Rather than do exactly that and just leave, Liam pulled himself up to his full height and seemed to just loom over her, his bearing fully emphasizing just how much taller than her he really was.
“No, but someone should really stop you,” he told her in a voice that was completely devoid of any humor. “Before it’s too late and we all wind up suffering the consequences.”
Again Julia raised her chin defiantly, her eyes flashing as she barely managed to suppress her anger.
“It’ll take a better man than you to do it,” she informed him hotly.
“Maybe,” Liam allowed, “but that doesn’t mean I can’t try.”
Before Julia could ask him just what he intended to do, Liam did it.
Did something he hadn’t even foreseen himself doing—at least not in the heat of this exchange.
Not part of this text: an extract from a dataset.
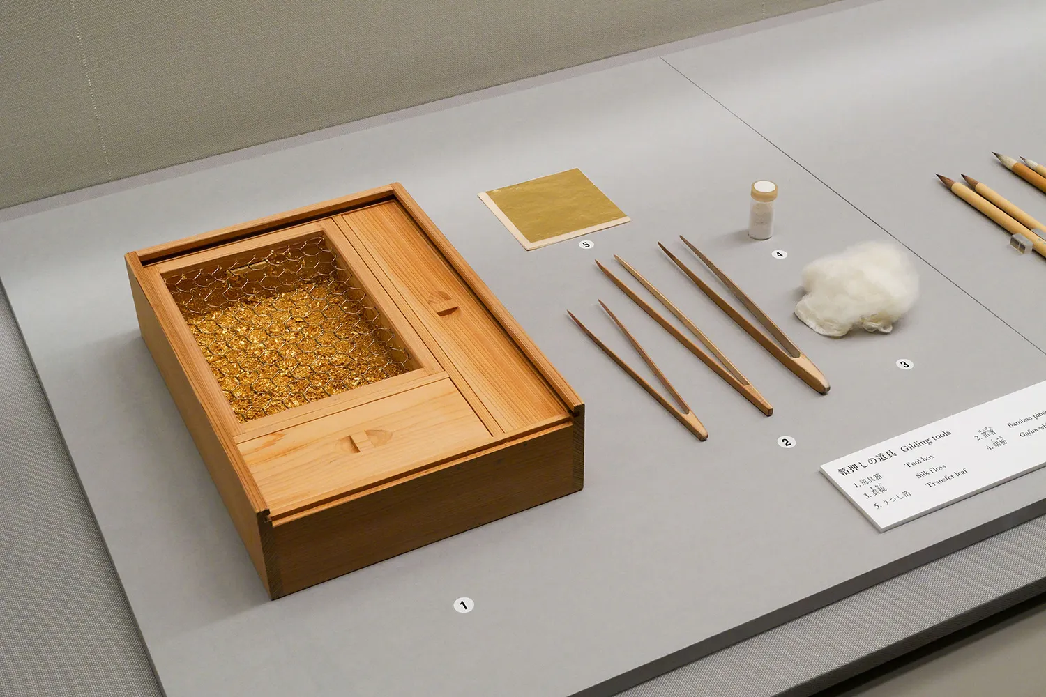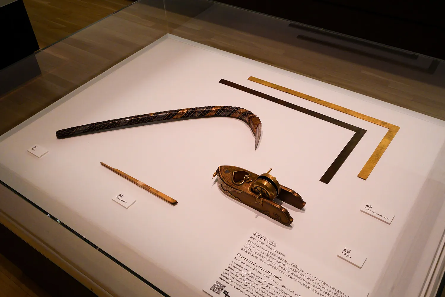 第一会場(企画展示室)に入ると、東京会場の目玉展示・日光東照宮の儀式用大工道具(国宝、17世紀、日光東照宮蔵)がお出迎え。
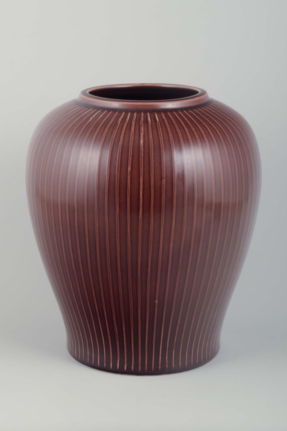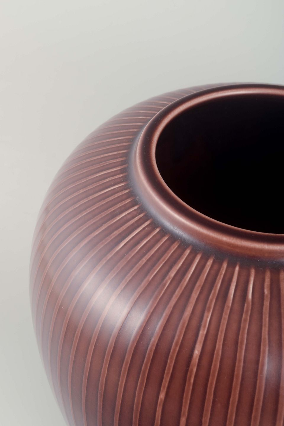 Aluminia "Marselis" stor fajancevase.Organisk formet vase i fajance med reliefdekoreret overflade og dyb burgundy glasur med lodrette riller, som fremhæver formen.

Although if he were being completely honest with himself, he would have had to admit that he had envisioned exactly this transpiring more than just once or twice in his head—as well as in his unguarded dreams.
One second they were exchanging glares and hot words, the next it was no longer just the words that were hot.
It was the two of them.
Liam had caught her by her shoulders and brought his mouth down on hers.
There was the argument that doing this was the only way to stop her from talking and, more importantly, from espousing the so-called cause she seemed so intent on pushing.